Its table of contents are:

  • Intro to Pen Testing
  • Intro to Kali
  • Some Essential Tools
  • Reconnaissance/ Enumeration
  • Exploitation
  • Privilege Escalation
  • Tunneling
  • Post Exploitation

2. The Web Application Hacker’s Handbook

If you are a beginner and looking for insights of hacking, this is the book for you. It has been authored by Daffy Stuttard who developed Burp Suite, a very handy Proxy for exploitation testing. The focus of this book is highly practical. It breaks down web application vulnerabilities and teaches its exploitation and the correct configuration. The contents explain the key topics for carrying out a comprehensive web application attack.

Topics Covered:

  • Web Application (In)Security
  • Core Defense Mechanisms
  • Mapping Applications
  • Client Side Attacks
  • Backend Attack Mechanisms
  • Attacking Application Logic
  • Attack Automation
  • Source Code Vulnerabilities
  • Hackers’ Toolkit

3. Hacking: The Art of Exploitation

A book to enable you to think out of the box. It does not mainly focus on commonly used exploitation techniques. The main focus is the construction and testing of exploit code. It teaches you the advanced secure coding skills including Assembly. The topics discussed are networking, cryptography, programming, Buffer overflows, stacks & global offsets. If you are learning shell codes, spawning, buffer restrictions bypass and camouflage techniques, this book is your guideline.

Contents:

  • Intro to Hacking
  • Programming
  • Networking
  • Shellcode
  • Cryptology
  • Conclusions

4. Reversing: Secrets of Reverse Engineering

Deconstruction of developed software to reveal its innermost details is the focus of the book. You will learn the details of how a software works by digging deep into binaries and retrieving information.
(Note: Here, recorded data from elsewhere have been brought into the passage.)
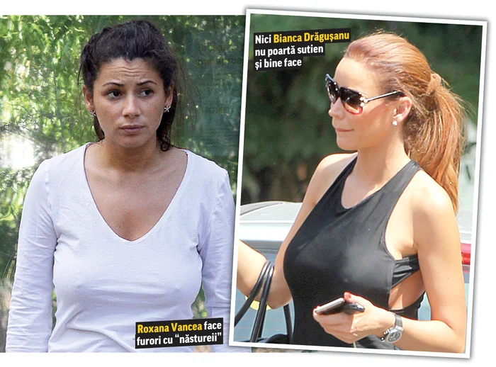 Anda Adam (36 de ani) şi Bianca Drăguşanu (35 de ani) nu sunt nici ele fane ale sutienului, mai ales că au implanturi, iar bustul stă ferm în orice ţinută. Sânii naturali ai Roxanei Vancea (25 de ani) sunt chiar mai cunoscuţi decât ea, iar fotoreporterii Click! i-au surprins în toată splendoarea. Fosta “vecină” de la “Neatza” nu poartă sutien, ci bustiere, iar acestea doar la sala de fitness, atunci când bustul imens trebuie ţinut în frâu. De nişte sâni superbi, mari ca două mingi de bowling, se bucură şi politicianul Cristian Boureanu. Iubita lui, Laura Dincă (19 ani) nu poartă nici ea sutien şi bine face. Dezinhibată, Vica Blochina (39 de ani) îşi vântură silicoanele oriunde, oricând şi atrage toate privirile când iese cu sfârcurile la plimbare.
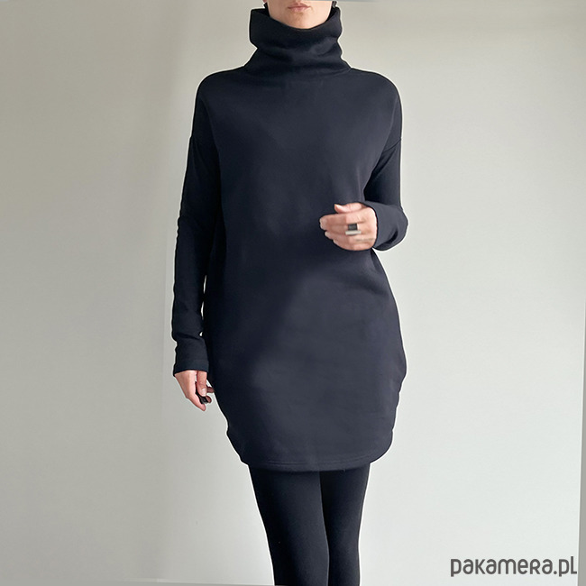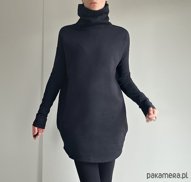Ciepła, mięciutka sukienka z grubej czarnej dresówki, z takim golfem, że my się zakochałyśmy.
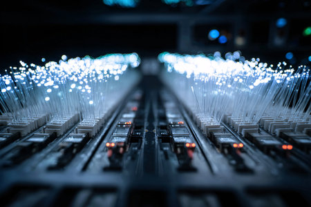Closeup of network cables plugged into data center equipment glowing with vibrant lights technology concept
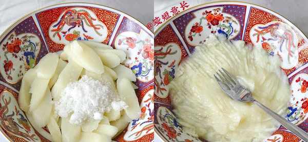 2、將蒸熟後的山藥倒入大口徑的碗中,方便待會兒揉面團。用吃飯的叉子將山藥按壓成細膩的山藥泥,喜歡吃甜味兒的可以加點兒白砂糖,山藥泥的餘溫恰好可以把白砂糖融化。

This book works on Microsoft Windows environment and uses OllyDbg.  Binary reverse engineering, data reverse engineering, techniques for prevention of reverse engineering of any code and explanation of decompilers are the main focus.

Its main topics are:

  • Intro to Reversing
  • Low level Software
  • Reversing Tools
  • Applied Reversing
  • Deciphering File Formats
  • Reversing Malware
  • Cracking
  • Anti-reversing
  • Beyond Disassembly
  • Decompilation

5. Hacking Exposed 7: Network Security Secrets & Solutions

If you want to harden your networks and secure your applications from cyber security breaches, this book is for you. Hacking is a double edged sword. You can never breach a system unless you fully understand how it works. Only then you can both secure and breach it. Hacking exposed is a series of books and this release focuses on networks.

Table of contents are:

  • Defense Against UNIX Root Access
  • Block SQL injection, Embedded Code Attacks
  • Detect & Terminate Rootkits
  • Protects 802.11 WLANs
  • Multilayered Encryption
  • Plugholes in VoIP, Social Networking, Gateways

6. Mastering Modern Web Penetration Testing

As obvious, this book will give you a walkthrough on modern web hacking techniques. This book is an essential read for web developers. The procedures discuss practical exploitation techniques and automation. Source code vulnerabilities like Php object Serialization vulnerabilities are discussed in detail.

Table of contents are:

  • Common security protocols
  • Information gathering
  • XSS
  • SQL Injection
  • CSRF
  • File Upload Vulnerabilities
  • Emerging Attack Vectors
  • API Testing Methodology

7. Phishing Dark Waters: The offensive & Defensive Sides of Malicious Emails

You can break into any system through the front door. But to get you through, you will need strong convincing skills. Phishing is a companion which will get you through when others won’t. This book will explain you the tricks to phish successfully.  The contents will enlighten you about the offensive as well as defensive techniques used for phishing. After giving it a read, you will be able to recognize a cloned website, a spam email and a spoofed id.

Table of contents are:

  • Intro to Wild World of Phishing
  • Psychological Principles of Decision Making
  • Influence & Manipulation
  • Planning Phishing Trips
  • Professional Phisher’s Tackle Bag
  • Phishing Like a Boss
  • The Good, Bad & the Ugly

8. Android Security Cook Book

85% of smart phone users rely on android. 90% of the android devices are vulnerable to malware. Understanding and protecting android infrastructure is a growing concern now. With major focus on Web Applications, android security often stays ignored. This book will explain you how to protect the android devices against hackers. The focus is exploitation, protection and reversing android applications.

Table of contents are:

  • Android Development Tools
  • Engaging with Application Security
  • Android Security Assessment Tools
  • Exploiting Applications
  • Protecting Applications
  • Reverse Engineering Applications
  • Native Exploitation & Analysis
  • Encryption & Device Development Policies

9. Offensive Security Wireless Attacks By OffSec (WiFu)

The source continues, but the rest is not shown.